Note: GC collections are only run at points where memory is alloctaed 
with new, so it is guaranteed not to touch high-performance inner loops.

 One of the things that I'm planning is to avoid using the GC as much 
 as  possible, so I just want to be completely sure when it is used.


This is the question of right amounts. If your whole program only has an 
active set of at most a few megabytes, you never have to worry about 
garbage collector performance. How do you keep it small? First thing, i 
would make "resource managers" for images, textures, and raw geometry 
data, and allocate them using C facilities - std.c.malloc, stc.c.free. 
You can slice into memory and use it like always but this memory will 
never be scanned by GC for other pointers. Variants of resource manages 
include a simple object which encapsulates the pointer and frees it when 
it gets destructed by GC, or perhaps when you need to manage a lot and 
fast, a manager which collects a group of pointers and frees them at 
once, and gets destroyed manually. The manager is in your active set, 
the raw memory from GC's view isn't.

-eye

Apr 19 2005

"Regan Heath" <regan netwin.co.nz> writes:

On Tue, 19 Apr 2005 11:06:35 +0200, Ilya Minkov <minkov cs.tum.edu> wrote:
 Regan Heath wrote:
 On Mon, 18 Apr 2005 12:19:29 -0700, Paul Bonser <misterpib gmail.com>   
 wrote:

 I know how to use them and whatnot, but I was just wondering, what   
 exactly happens behind the scenes when you change the size of an  
 array  in D? Does it just make a new one and copy over the old stuff,  
 then  leave the old array for the GC to pick up?

   I'd imagine it 'reallocates' the internal data pointer, this does not  
 copy  unless the reallocate moves the memory block. So, there is no  
 'old array'  for the GC to collect. Any items now outside the length  
 (i.e. when you  make it smaller) will be collected by the GC eventualy.

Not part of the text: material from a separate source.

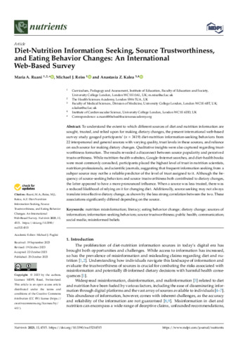 Title: | Diet-Nutrition Information Seeking, Source Trustworthiness, and Eating Behavior Changes: An International Web-Based Survey |

 No, whenever length increases (also when concatenating and such), the  
 array is duplicated, and the duplicate is given new length.

Are you sure? That seems to be a bad way to do it, given that "realloc"  
can and will extend the block of memory you currently have if there is  
space. How do you explain these results:

void main()
{
	char[] test;
	
	printf("%08x\n",test.ptr);
	
	test ~= 'a';
	printf("%08x\n",test.ptr);
	
	test ~= 'b';
	printf("%08x\n",test.ptr);
	
	test ~= 'c';
	printf("%08x\n",test.ptr);
	
	test.length = 10;
	printf("%08x\n",test.ptr);
	
	test.length = 4;
	printf("%08x\n",test.ptr);
	
	test.length = 9999999;      //this should be large enough to cause  
reallocation
	printf("%08x\n",test.ptr);
}

Output:
00000000
00870fe0
00870fe0
00870fe0
00870fe0
00870fe0
00970000

Regan

Apr 19 2005

Georg Wrede <georg.wrede nospam.org> writes:

Regan Heath wrote:
 On Tue, 19 Apr 2005 11:06:35 +0200, Ilya Minkov <minkov cs.tum.edu> wrote:
 
 Regan Heath wrote:

 On Mon, 18 Apr 2005 12:19:29 -0700, Paul Bonser 
 <misterpib gmail.com>   wrote:

 I know how to use them and whatnot, but I was just wondering, what   
 exactly happens behind the scenes when you change the size of an  
 array  in D? Does it just make a new one and copy over the old 
 stuff,  then  leave the old array for the GC to pick up?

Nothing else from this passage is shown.